Phenotypic plasticity and epithelial-mesenchymal transitions in cancer and normal stem cells?

Abstract

Cancer stem cells (CSCs) are similar to normal stem cells in their ability to self-renew and to generate large populations of more differentiated descendants. In contrast to the hierarchical organization that is presumed to be the prevalent mode of normal tissue homeostasis, phenotypic plasticity allows cancer cells to dynamically enter into and exit from stem-cell states. The epithelial-mesenchymal transition (EMT) has been closely associated with the acquisition of both invasive and stem-cell properties in cancer cells. Thereby, EMT programs emerge as important regulators of phenotypic plasticity in cancer cells including their entrance into stem-cell states. Much is still to be learned about the regulation of EMTs through epigenetic mechanisms in cancer cells and the contributions that EMT programs make to normal tissue homeostasis.
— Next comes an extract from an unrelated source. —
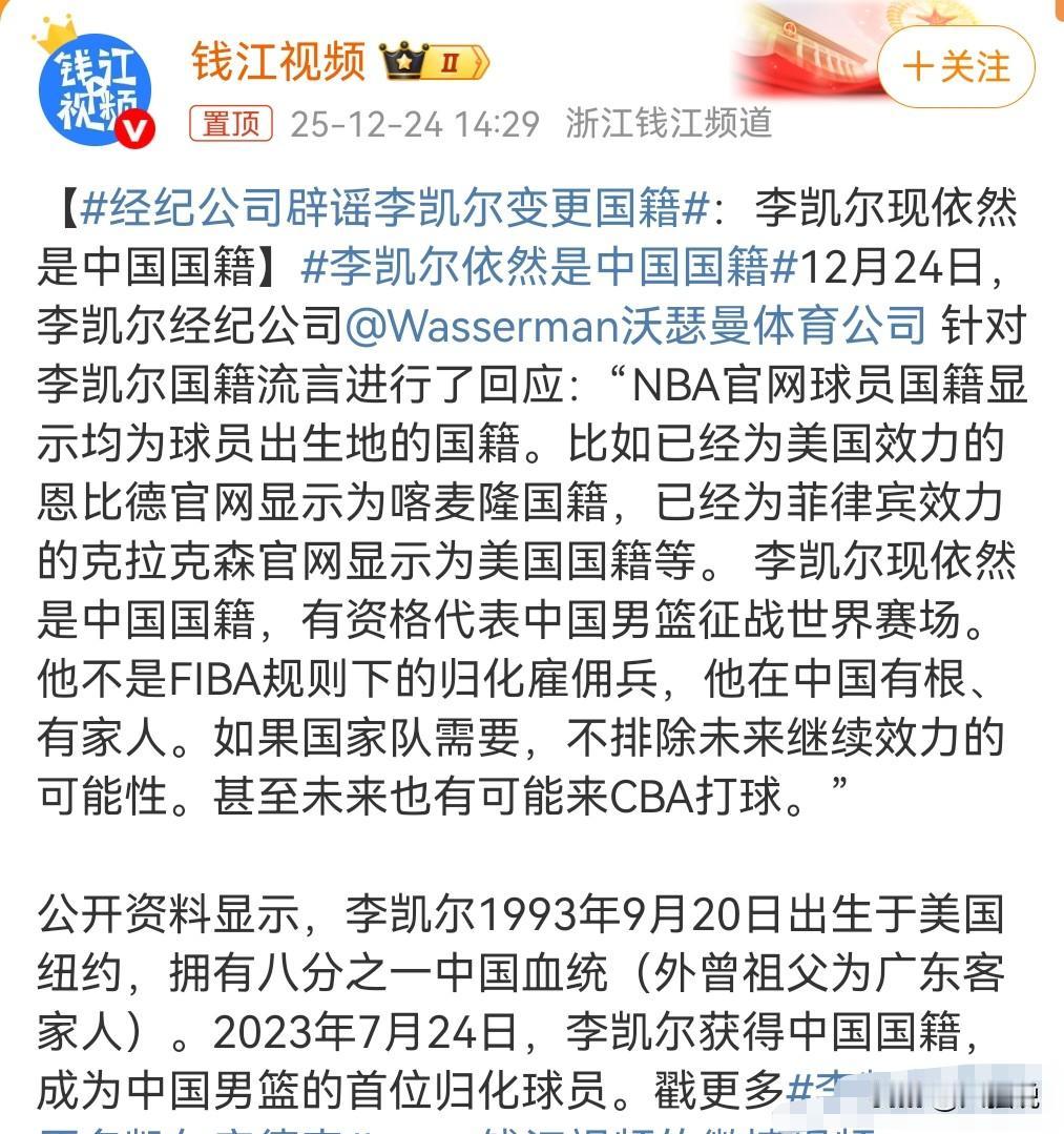 网传篮球运动员李凯尔改为了美国籍。 但事实真的是这样的吗? 12月24日,经纪公司辟谣了。 李凯尔依然是中国国籍。 他在中国有家有亲人。 仍然可以代表中国队出战。 是中国籍就好。

Figure 1. Multi-step progression of cancer and the cancer stem cell (CSC) model

Adapted from Weinberg RA., “The Biology of Cancer”, Garland Science. (a) Normal stem cells (SCs) acquire an initial mutation and evolve into a mutant SC population (cells of different cellular states are depicted as circles, mutational events are indicated by pink halo; cells carrying a specific mutations are indicated by colored quarter within “cells”); the latter continues to generate, more differentiated descendants carrying that mutation. Cells within the initially formed mutant SC population acquire another mutation and evolve into an incrementally more neoplastic SC population. The end product is a CSC with tumor-initiating potential. (b) The mutations driving multi-step tumor progression do not strike various SC populations, as indicated above, but strike transit-amplifying populations that are introduced into the corresponding SC populations via a dedifferentiation process.